A regulatory landscape that lacks nuance, and fails to distinguish reasonable, socially-beneficial, non-invasive, or even accidental inferences (like the Beat Saber example above), chills speech & innovation, or perversely encourages people to resign themselves to giving up their rights in order to simply do basic day-to-day tasks. Just look at how we deal with consent fatigue and cookies. The goal instead should be to distinguish the mere possibility of inferring something from cases where actual inference is occurring that meaningfully makes decisions which affect us.
By all means, line up Meta and Amazon, Palantir, Google, and basically every data broker imaginable against a wall and (metaphorically) shoot them. Put limits on their power and the toys they use to profile us. The tactics many of these firms use fall squarely into the types of high-risk profiling and decision-making abuses that lawmakers and society are keen to keep in check. But we all need more guidance on where the boundaries should be — and there very much should be distinctions between the unintentional and reasonable versus the intentional and malignant.
Sandra Wachter & Brent Mittelstadt, A Right to Reasonable Inferences: Re-Thinking Data Protection Law in the Age of Big Data, 2019 COLUMBIA BUS. L. REV. 494, 509 (2019). The authors explored the idea of distinguishing between “reasonable inferences” versus “high risk inferences” that “damage privacy or reputation, or have low verifiability”. (pp. 495, 538).

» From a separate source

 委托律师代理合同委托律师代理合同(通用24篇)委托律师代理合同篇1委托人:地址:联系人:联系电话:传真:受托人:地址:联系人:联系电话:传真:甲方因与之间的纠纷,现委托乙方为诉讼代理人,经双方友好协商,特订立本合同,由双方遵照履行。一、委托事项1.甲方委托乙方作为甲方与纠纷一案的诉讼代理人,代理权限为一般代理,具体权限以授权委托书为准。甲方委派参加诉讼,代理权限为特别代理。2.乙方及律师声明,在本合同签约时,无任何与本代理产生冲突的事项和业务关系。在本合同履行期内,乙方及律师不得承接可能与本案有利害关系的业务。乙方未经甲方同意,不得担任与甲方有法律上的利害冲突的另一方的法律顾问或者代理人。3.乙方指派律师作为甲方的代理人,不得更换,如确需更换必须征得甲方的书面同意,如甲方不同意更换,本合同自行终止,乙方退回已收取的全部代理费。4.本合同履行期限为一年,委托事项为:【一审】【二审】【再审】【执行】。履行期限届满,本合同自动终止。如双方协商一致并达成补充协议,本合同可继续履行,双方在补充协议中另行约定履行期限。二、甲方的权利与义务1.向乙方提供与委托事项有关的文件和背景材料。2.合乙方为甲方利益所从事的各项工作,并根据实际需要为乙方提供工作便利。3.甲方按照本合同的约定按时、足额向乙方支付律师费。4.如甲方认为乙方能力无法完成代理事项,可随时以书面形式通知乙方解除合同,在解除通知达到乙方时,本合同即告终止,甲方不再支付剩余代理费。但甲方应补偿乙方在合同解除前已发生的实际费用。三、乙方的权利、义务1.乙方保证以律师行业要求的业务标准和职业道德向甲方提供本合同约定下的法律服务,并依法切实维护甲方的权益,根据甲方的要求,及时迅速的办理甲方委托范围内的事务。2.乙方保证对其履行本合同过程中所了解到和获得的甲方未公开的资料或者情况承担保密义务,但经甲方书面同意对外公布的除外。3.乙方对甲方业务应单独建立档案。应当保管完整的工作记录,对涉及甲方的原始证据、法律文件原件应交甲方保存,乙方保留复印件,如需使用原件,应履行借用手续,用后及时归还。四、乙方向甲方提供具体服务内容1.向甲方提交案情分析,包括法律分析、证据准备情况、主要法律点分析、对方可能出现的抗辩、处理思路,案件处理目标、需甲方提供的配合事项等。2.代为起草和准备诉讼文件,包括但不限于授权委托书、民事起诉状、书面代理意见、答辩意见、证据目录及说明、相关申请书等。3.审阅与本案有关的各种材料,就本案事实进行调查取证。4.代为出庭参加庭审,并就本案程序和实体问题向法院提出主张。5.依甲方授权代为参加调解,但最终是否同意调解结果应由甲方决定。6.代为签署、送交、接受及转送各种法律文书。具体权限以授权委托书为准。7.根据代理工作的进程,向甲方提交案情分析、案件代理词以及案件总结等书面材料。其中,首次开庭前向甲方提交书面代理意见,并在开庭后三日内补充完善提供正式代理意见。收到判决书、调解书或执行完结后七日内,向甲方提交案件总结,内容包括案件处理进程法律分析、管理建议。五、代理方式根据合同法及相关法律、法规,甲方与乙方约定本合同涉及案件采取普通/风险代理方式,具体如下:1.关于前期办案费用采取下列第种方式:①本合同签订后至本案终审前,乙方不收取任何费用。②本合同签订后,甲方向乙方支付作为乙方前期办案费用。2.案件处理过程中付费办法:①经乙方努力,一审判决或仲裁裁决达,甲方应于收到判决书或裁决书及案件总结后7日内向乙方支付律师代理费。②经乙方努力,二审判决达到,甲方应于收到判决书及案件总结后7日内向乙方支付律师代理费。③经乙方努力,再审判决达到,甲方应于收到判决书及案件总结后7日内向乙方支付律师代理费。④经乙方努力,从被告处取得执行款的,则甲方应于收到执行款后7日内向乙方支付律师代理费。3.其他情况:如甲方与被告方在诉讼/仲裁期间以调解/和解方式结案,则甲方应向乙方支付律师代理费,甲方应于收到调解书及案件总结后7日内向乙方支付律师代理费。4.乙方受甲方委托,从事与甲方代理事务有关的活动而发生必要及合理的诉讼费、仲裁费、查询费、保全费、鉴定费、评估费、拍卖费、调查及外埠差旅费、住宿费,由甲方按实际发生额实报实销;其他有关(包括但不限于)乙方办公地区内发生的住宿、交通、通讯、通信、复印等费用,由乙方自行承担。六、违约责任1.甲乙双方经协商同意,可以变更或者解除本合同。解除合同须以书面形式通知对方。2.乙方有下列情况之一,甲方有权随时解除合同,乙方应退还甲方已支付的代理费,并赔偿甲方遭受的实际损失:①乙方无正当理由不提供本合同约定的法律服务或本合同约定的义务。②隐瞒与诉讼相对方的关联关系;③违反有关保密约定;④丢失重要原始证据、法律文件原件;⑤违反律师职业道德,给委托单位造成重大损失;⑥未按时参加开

Meta Platforms Inc, et al., v. Bundeskartellamt, C-C252/21, p. 89: “However, it should be specified that, in the event that a set of data comprising both sensitive and non-sensitive data is the subject of such operations and is in particular collected in bulk without the data being able to be dissociated from each other at the time of this collection, the processing of this set of data must be considered as being prohibited, within the meaning of Article 9, paragraph 1, of the GDPR since it includes at least one sensitive data … (emphasis added)
Opinion of Attorney General Rob Bonta, No. 20-303 (Mar. 10, 2022) (OAG Opinion).